▸ WHAT THE EXERCISE ASKS: The response should contain all of the data below, reproduced exactly, and no pictures.

▸ DATASET RECORDS:
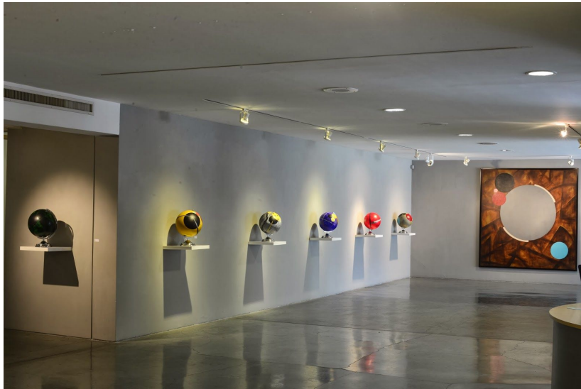
Imagen 5, “Composición 1.5” 2013. Xavier Patiño. Objeto acrílico

que pertenece una persona. Estas diferentes formas constituyen la cultura estética que todos tenemos
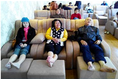
ศูนย์วิจัยแพทยแผนจีน
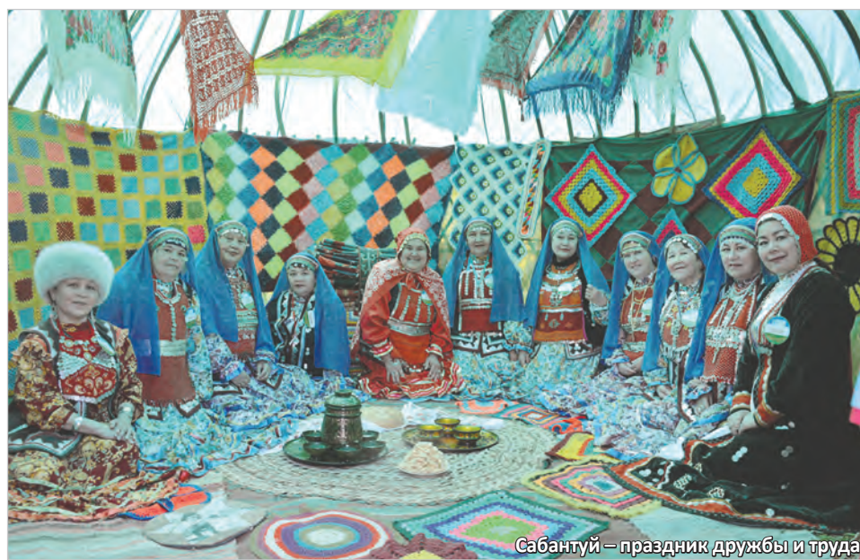
Сабантуй – праздник дружбы и труда

По материалам корпоративных изданий ПАО «Мечел»

▸ SOLUTION FOR THIS EXERCISE:
Imagen 5, “Composición 1.5” 2013. Xavier Patiño. Objeto acrílico

que pertenece una persona. Estas diferentes formas constituyen la cultura estética que todos tenemos
ศูนย์วิจัยแพทยแผนจีน
Сабантуй – праздник дружбы и труда

По материалам корпоративных изданий ПАО «Мечел»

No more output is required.